The category, which at Roots spans leggings, tracksuits, sports bras and bike shorts, has seen such sustained double-digit growth that Meghan Roach plans to make it a key part of the business’ future.

“It’s an area … you will see us continue to expand upon,” she told analysts on a Friday call.

The Toronto-based retailer’s push into activewear has taken shape over many years and included several turns as the official designer and supplier of Team Canada’s Olympic uniform.

But consumers have had plenty of choice when it comes to workout gear and other apparel suited to their sporting needs. On top of the slew of athletic brands like Nike and Adidas, shoppers have also gravitated toward Lululemon Athletica Inc., Alo and Vuori, ramping up competition in the activewear category.

Roach feels Roots’ toehold in the category stems from the fit, feel and following its merchandise has cultivated.

“Our product really resonates with (shoppers) because you can wear it through multiple different use cases and occasions,” she said.

“We’ve been seeing customers come back again and again for some of these core products in our activewear collection.”

Her remarks came the same day as Roots revealed it lost $5.2 million in its latest quarter compared with a loss of $5.3 million in the same quarter last year.

The company said the second-quarter loss amounted to 13 cents per diluted share for the quarter ended Aug. 3, the same as a year earlier.

In presenting the results, Roach reminded analysts that the first half of the year is usually “seasonally small,” representing just 30 per cent of the company’s annual sales.

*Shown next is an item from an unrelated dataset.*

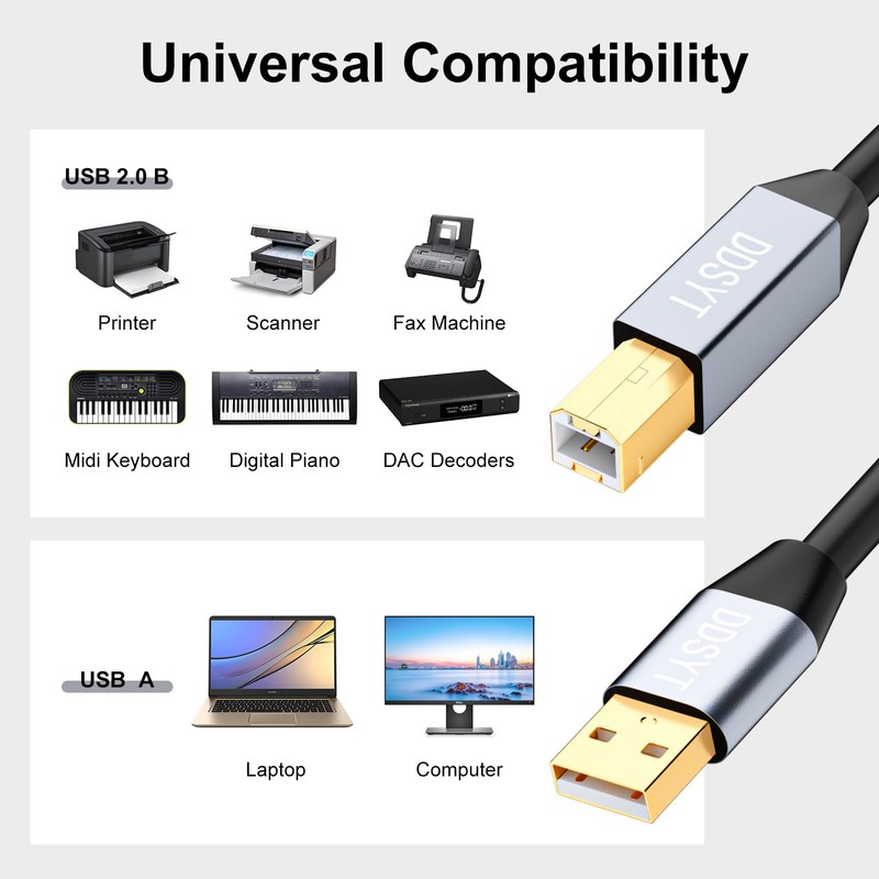 - Ideal Printer Scanner Cable: DDSYT USB 2.0 printer cable is ideal for connecting your scanner, printer, server, hard drive, camera, piano, and other USB b devices to a laptop, computer (Mac/PC), or other USB-enabled devices for data transfer.

Sales for the second quarter totalled $47.7 million, down from $49.4 million in the same quarter last year.

The move lower came as direct-to-consumer sales amounted to $36.4 million, down from $37.1 million a year earlier, as comparable sales edged down 0.2 per cent.

The numbers reflect the fact that Roots continued to grapple with inventory challenges in the company’s Cooper fleece line that first cropped up in its previous quarter.

Roots recently began to use artificial intelligence to assist with daily inventory replenishments and said more tools helping with allocation will go live in the next quarter.

Beyond that time period, the company intends to keep exploring AI and renovate more of its stores.

It will also re-evaluate its design ranks.

Roots announced Friday that chief product officer Karuna Scheinfeld has stepped down.

Rather than fill the role, the company plans to hire senior level design talent with international experience in the outdoor and activewear sectors who will take on tasks previously done by the chief product officer.

This report by The Canadian Press was first published Sept. 13, 2024.

Companies in this story: (TSX:ROOT)

The Canadian Press. All rights reserved.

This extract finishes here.